## HOW TO COMPLETE THIS TASK:
An exact reprint of the listing is required, with no pictures included.
___ SUPPLIED DATA ___
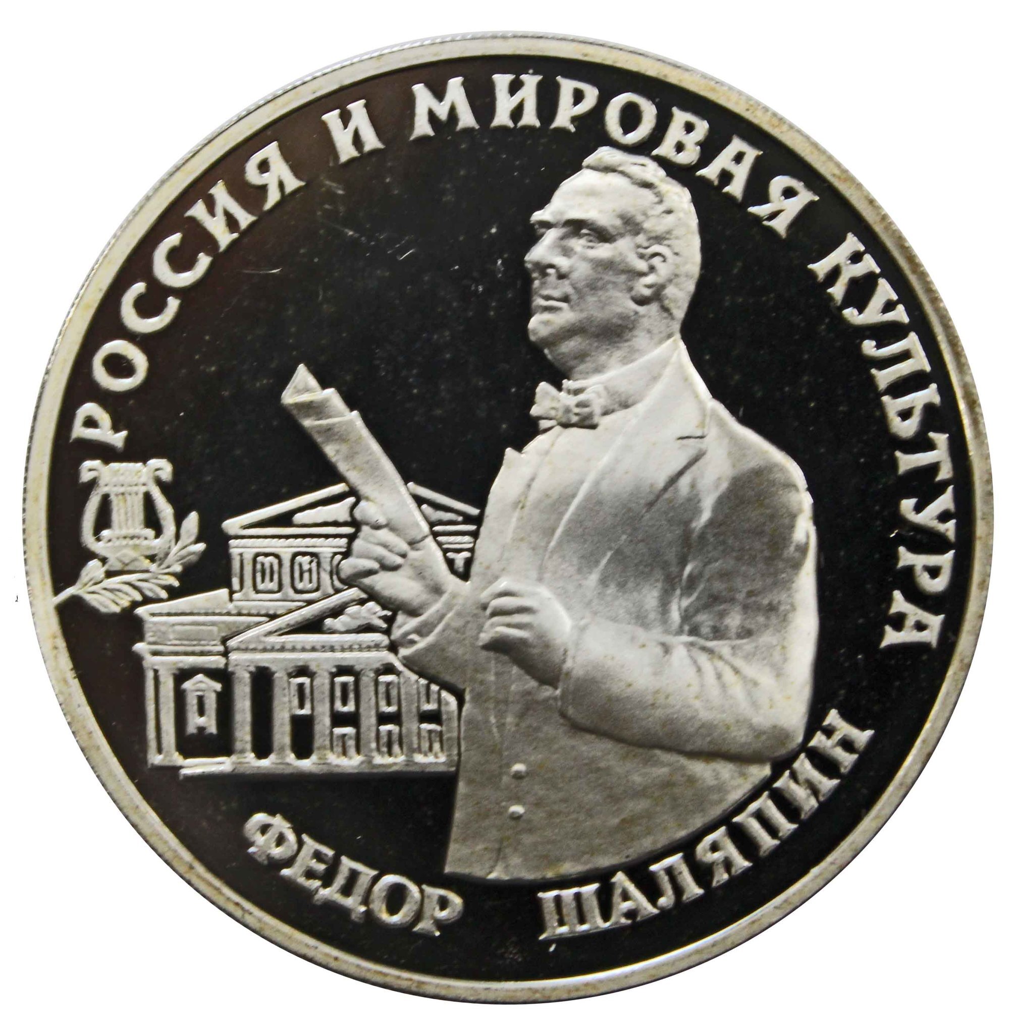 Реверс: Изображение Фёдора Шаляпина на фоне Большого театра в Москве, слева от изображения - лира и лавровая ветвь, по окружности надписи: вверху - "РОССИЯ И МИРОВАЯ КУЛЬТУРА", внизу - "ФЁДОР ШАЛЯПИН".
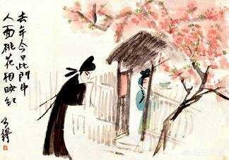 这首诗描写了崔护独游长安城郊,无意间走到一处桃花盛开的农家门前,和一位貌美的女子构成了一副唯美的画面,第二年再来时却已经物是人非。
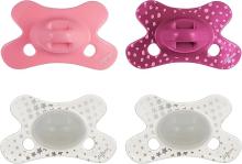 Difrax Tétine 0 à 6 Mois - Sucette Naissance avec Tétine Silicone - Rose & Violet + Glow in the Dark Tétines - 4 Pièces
___
## OUTPUT OF THE EXERCISE:
 Реверс: Изображение Фёдора Шаляпина на фоне Большого театра в Москве, слева от изображения - лира и лавровая ветвь, по окружности надписи: вверху - "РОССИЯ И МИРОВАЯ КУЛЬТУРА", внизу - "ФЁДОР ШАЛЯПИН".
 这首诗描写了崔护独游长安城郊,无意间走到一处桃花盛开的农家门前,和一位貌美的女子构成了一副唯美的画面,第二年再来时却已经物是人非。
 Difrax Tétine 0 à 6 Mois - Sucette Naissance avec Tétine Silicone - Rose & Violet + Glow in the Dark Tétines - 4 Pièces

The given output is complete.